* **Excerpts from a dataset**
┏━━

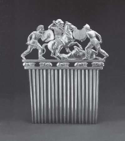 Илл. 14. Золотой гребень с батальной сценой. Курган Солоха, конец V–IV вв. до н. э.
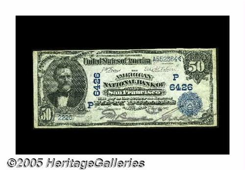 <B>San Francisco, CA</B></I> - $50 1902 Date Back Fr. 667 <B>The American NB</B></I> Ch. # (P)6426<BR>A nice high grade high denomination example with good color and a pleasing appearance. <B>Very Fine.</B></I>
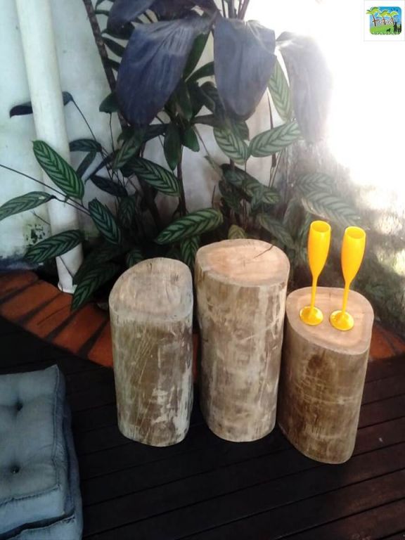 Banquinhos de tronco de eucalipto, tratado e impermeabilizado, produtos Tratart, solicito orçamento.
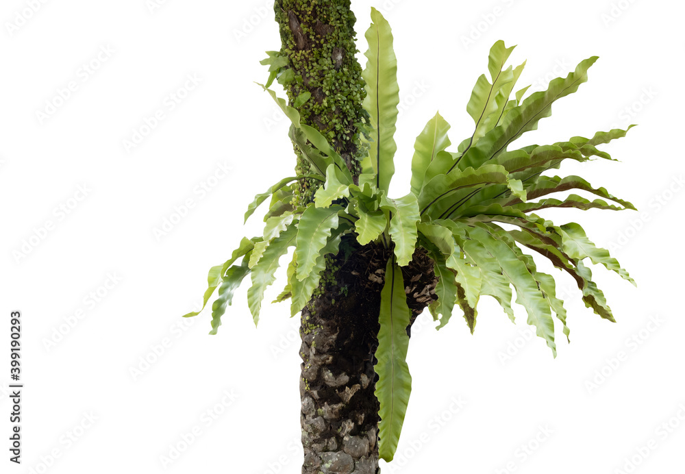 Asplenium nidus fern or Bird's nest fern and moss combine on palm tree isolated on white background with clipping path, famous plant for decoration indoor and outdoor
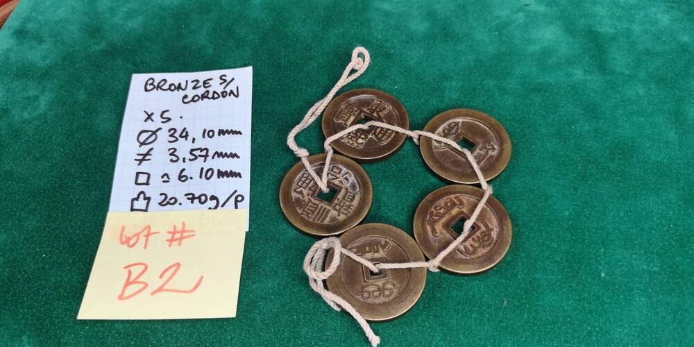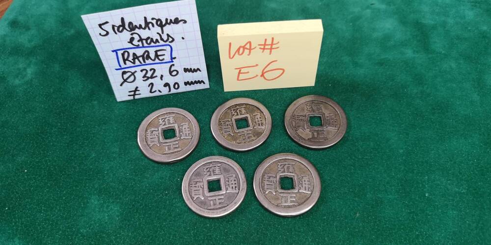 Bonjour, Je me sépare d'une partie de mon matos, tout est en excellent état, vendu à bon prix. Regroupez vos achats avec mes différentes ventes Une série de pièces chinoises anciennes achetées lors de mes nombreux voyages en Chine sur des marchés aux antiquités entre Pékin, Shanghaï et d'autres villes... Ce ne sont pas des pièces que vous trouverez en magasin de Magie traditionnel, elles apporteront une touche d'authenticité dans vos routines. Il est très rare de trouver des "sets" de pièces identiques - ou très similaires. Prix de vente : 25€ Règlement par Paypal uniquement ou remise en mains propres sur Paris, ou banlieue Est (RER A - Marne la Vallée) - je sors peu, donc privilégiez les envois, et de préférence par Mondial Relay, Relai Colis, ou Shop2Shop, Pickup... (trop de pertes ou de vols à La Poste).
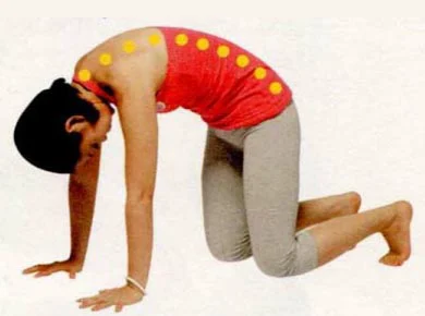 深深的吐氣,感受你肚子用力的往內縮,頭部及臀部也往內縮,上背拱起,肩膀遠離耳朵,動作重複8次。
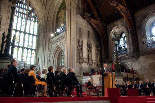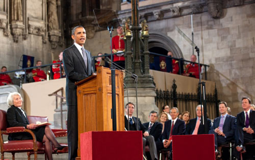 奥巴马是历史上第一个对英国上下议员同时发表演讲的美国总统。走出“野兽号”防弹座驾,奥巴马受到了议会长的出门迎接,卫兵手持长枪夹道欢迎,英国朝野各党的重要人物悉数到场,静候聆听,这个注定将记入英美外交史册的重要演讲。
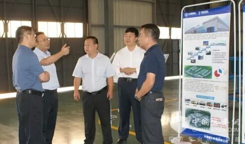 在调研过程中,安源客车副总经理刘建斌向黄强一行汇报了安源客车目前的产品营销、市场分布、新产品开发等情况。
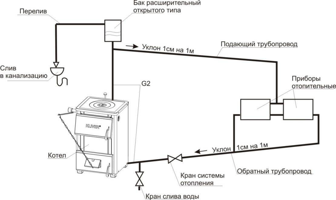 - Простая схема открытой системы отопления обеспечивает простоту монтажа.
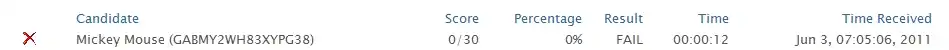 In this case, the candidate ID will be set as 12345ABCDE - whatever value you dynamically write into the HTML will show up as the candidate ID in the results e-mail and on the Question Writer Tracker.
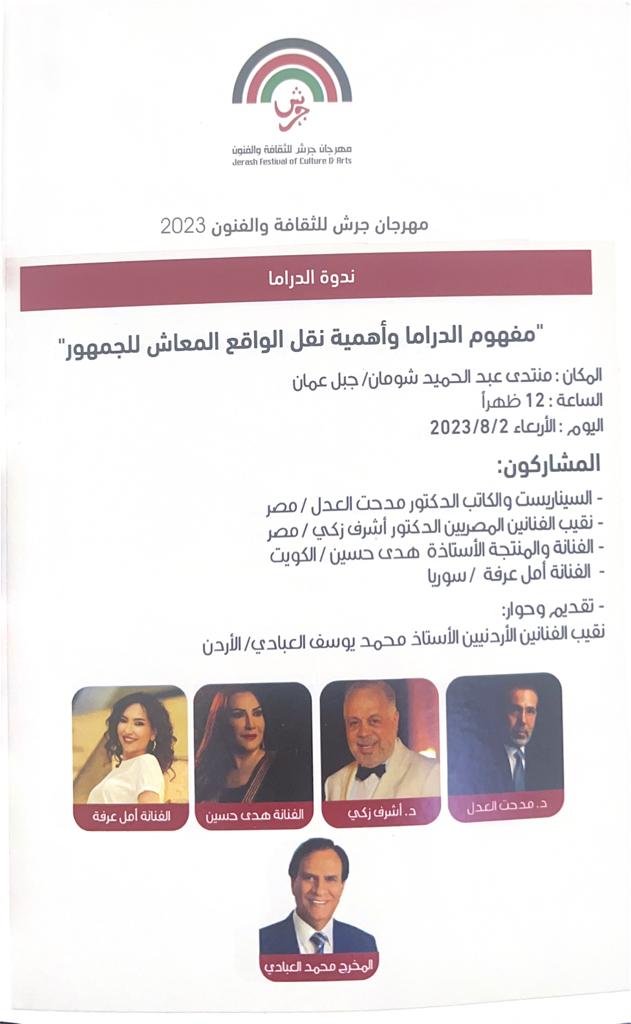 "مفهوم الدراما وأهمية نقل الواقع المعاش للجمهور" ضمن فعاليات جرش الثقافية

┗━━

* **What you should do**
Give the lines again exactly, beginning with the first line of the records above and ending with the line that contains "Banquinhos de tronco", and include no pictures.

* **Task solution**
 Илл. 14. Золотой гребень с батальной сценой. Курган Солоха, конец V–IV вв. до н. э.
 <B>San Francisco, CA</B></I> - $50 1902 Date Back Fr. 667 <B>The American NB</B></I> Ch. # (P)6426<BR>A nice high grade high denomination example with good color and a pleasing appearance. <B>Very Fine.</B></I>
 Banquinhos de tronco de eucalipto, tratado e impermeabilizado, produtos Tratart, solicito orçamento.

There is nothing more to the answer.